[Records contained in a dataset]
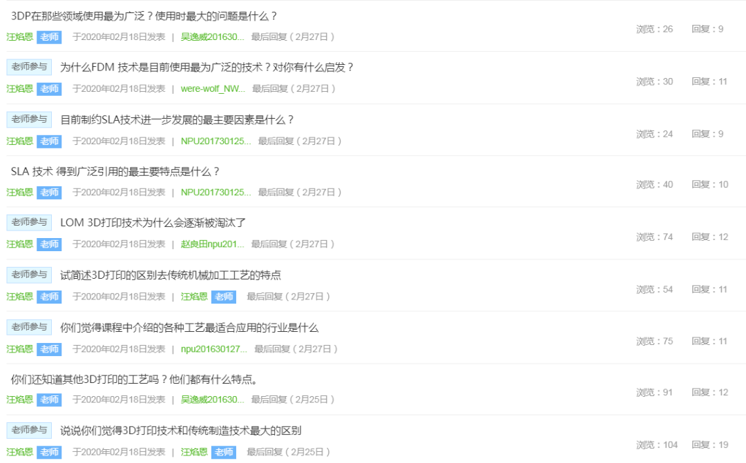 航空宇航制造工程系蒋建军教授第一周有《飞行器零件成形技术》《先进复合材料制造技术》和《新生研讨课》等3门课,上课压力比较大。他提前做好平台网络卡顿的预案,并将各种预案在正式授课之前和学生充分沟通,保证学生使用过程的流畅;针对网上授课的特点,准备了充分的课堂资源供学生课前了解和课堂使用,保证网上课堂教学的效果。他在《新生研讨课》中为课程教学设计课堂话题,与学生开展充分的互动,保证学生随时都能跟上课程教学的思路和节奏。
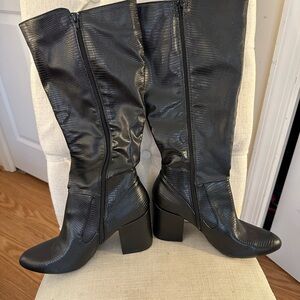 Step out in style with these elegant black knee-high boots. Perfect for any occasion, these boots offer both comfort and sophistication.
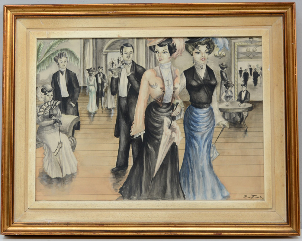 Firma indecifrata, "Il ricevimento", acquerelli e china su cartoncino (cm 39x53) firmato e datato 1953 in basso a destra, in cornice (lievi difetti)
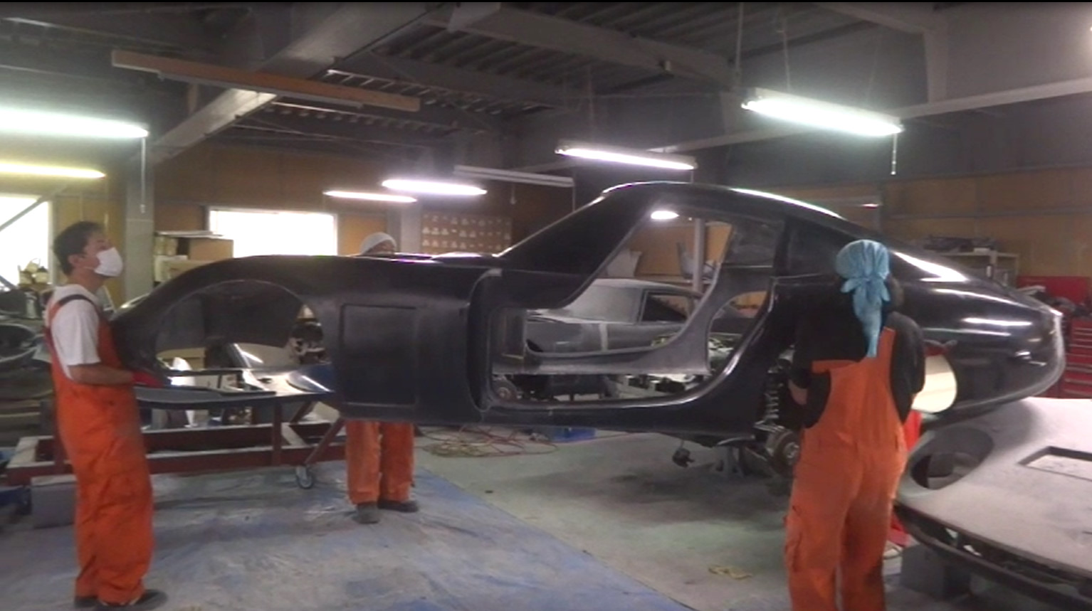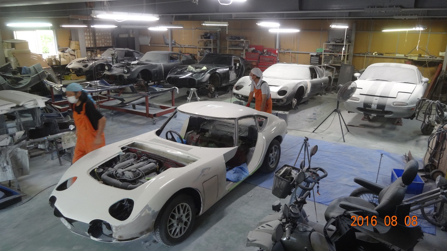 当社の車体は 充分 FRP繊維の積層を 丁寧に 最低5積層 カウルアッパー部分は 7積層 フード周り 及び フロント先端部は 9積層で製作させていただいておりますので 一番 薄い5積層の箇所のカットでさえも FRP専用歯を使用して ジグソーでカットしますが なかなか 切れず 摩擦熱で すぐに 歯が高温になってしまうため 歯を交換しながらのカットは 大変な重労働ですが スタッフ全員で作業し カット後 カット面を サンディングで綺麗に整え 今回は 4人で 車体を持ち上げて 合体させましたので とても スムーズな合体が 可能となりました。
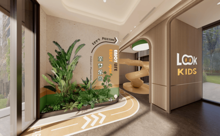 焕新城市界面,打造约1000㎡开放式花园商业街区,设计融入艺术展陈、休憩座椅、林荫步道等景观元素,模糊社区边界,使内部园林与外部城市烟火无缝链接,营造“出则繁华,入则静谧”的生活意境。
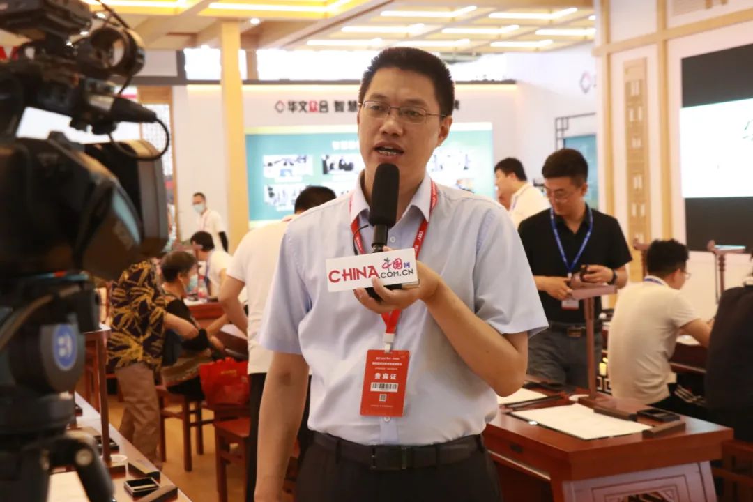 教育部教育技术与资源发展中心(中央电化教育馆)标准处处长刘强、深圳市教育装备行业协会会长彭锦环莅临华文众合展位指导
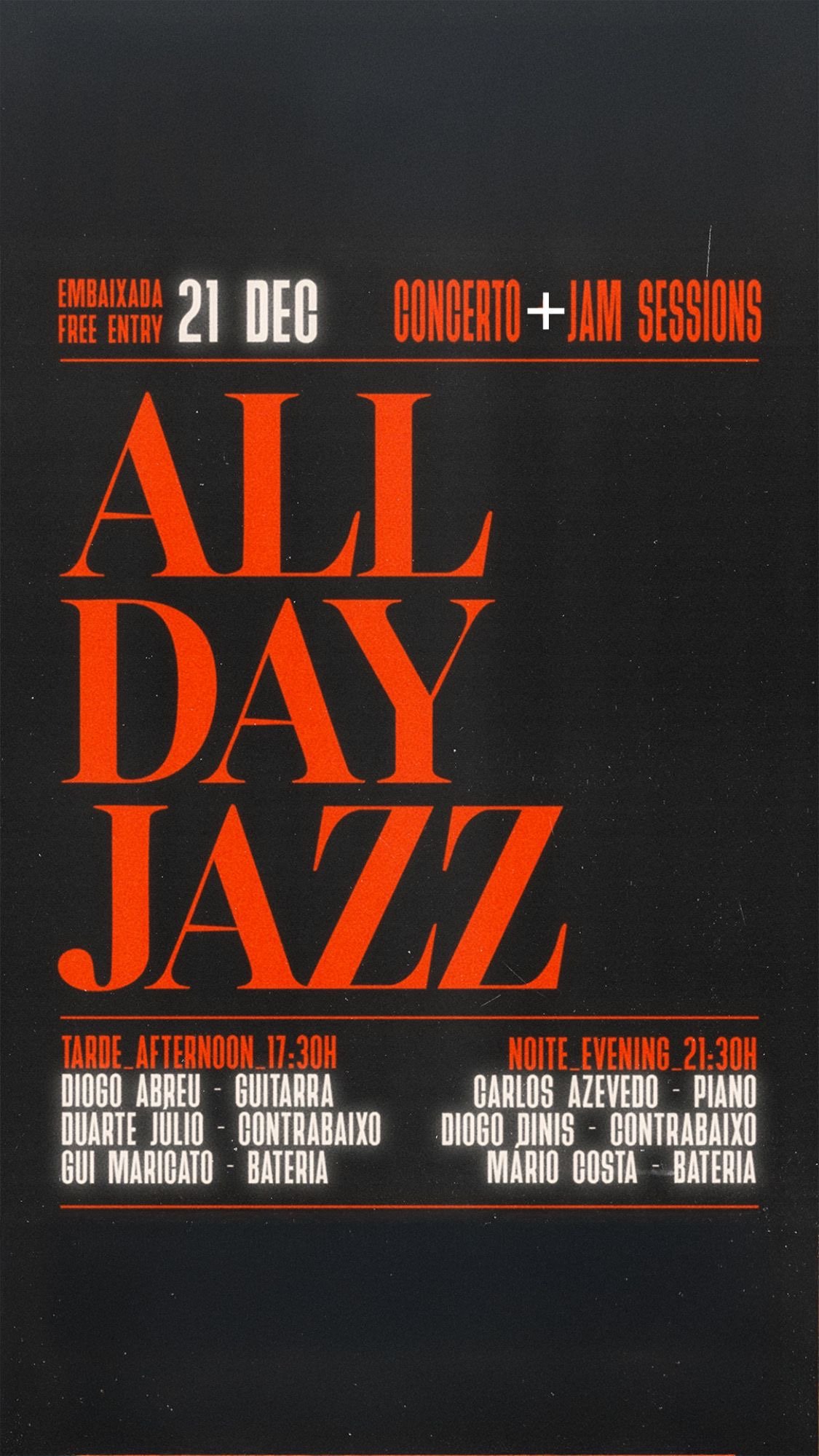 O All Day Jazz foi pensado para quem procura um bar com música ao vivo no centro do Porto, combinando talento musical e convívio numa experiência descontraída. O evento divide-se em dois momentos, um concerto às 17h30 e outro às 21h30. No concerto da tarde com Diogo Abreu na guitarra, Duarte Júlio no contrabaixo e Gui Maricato na bateria e, no concerto da noite, com Carlos Azevedo no piano, Diogo Dinis no contrabaixo e Mário Costa na bateria, a criar um ambiente vibrante e envolvente, típico dos melhores bares de jazz.
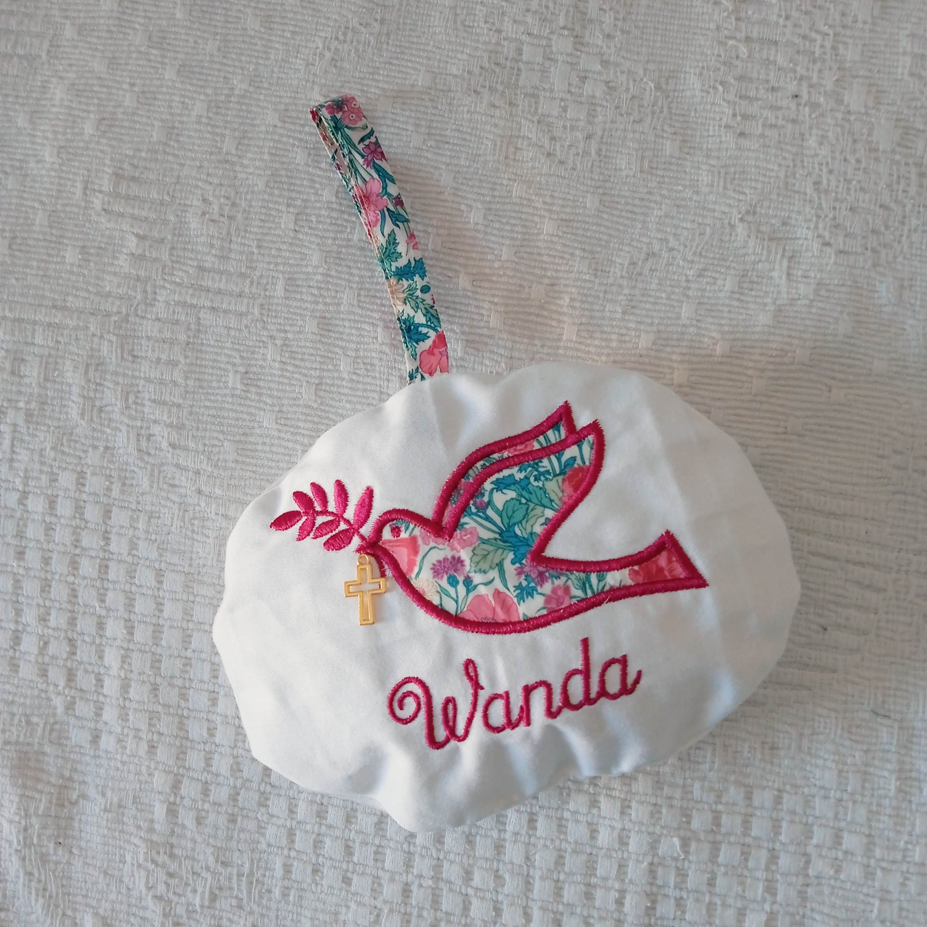 exemples de confections personnalisées avec broderie du prénom WANDA

[YOUR OBJECTIVE] All lines from the one containing "Step out in" to the last line of the data above, both included, should be printed exactly, and the pictures should not appear.

[EXPECTED ANSWER]
 Step out in style with these elegant black knee-high boots. Perfect for any occasion, these boots offer both comfort and sophistication.
 Firma indecifrata, "Il ricevimento", acquerelli e china su cartoncino (cm 39x53) firmato e datato 1953 in basso a destra, in cornice (lievi difetti)
 当社の車体は 充分 FRP繊維の積層を 丁寧に 最低5積層 カウルアッパー部分は 7積層 フード周り 及び フロント先端部は 9積層で製作させていただいておりますので 一番 薄い5積層の箇所のカットでさえも FRP専用歯を使用して ジグソーでカットしますが なかなか 切れず 摩擦熱で すぐに 歯が高温になってしまうため 歯を交換しながらのカットは 大変な重労働ですが スタッフ全員で作業し カット後 カット面を サンディングで綺麗に整え 今回は 4人で 車体を持ち上げて 合体させましたので とても スムーズな合体が 可能となりました。
 焕新城市界面,打造约1000㎡开放式花园商业街区,设计融入艺术展陈、休憩座椅、林荫步道等景观元素,模糊社区边界,使内部园林与外部城市烟火无缝链接,营造“出则繁华,入则静谧”的生活意境。
 教育部教育技术与资源发展中心(中央电化教育馆)标准处处长刘强、深圳市教育装备行业协会会长彭锦环莅临华文众合展位指导
 O All Day Jazz foi pensado para quem procura um bar com música ao vivo no centro do Porto, combinando talento musical e convívio numa experiência descontraída. O evento divide-se em dois momentos, um concerto às 17h30 e outro às 21h30. No concerto da tarde com Diogo Abreu na guitarra, Duarte Júlio no contrabaixo e Gui Maricato na bateria e, no concerto da noite, com Carlos Azevedo no piano, Diogo Dinis no contrabaixo e Mário Costa na bateria, a criar um ambiente vibrante e envolvente, típico dos melhores bares de jazz.
 exemples de confections personnalisées avec broderie du prénom WANDA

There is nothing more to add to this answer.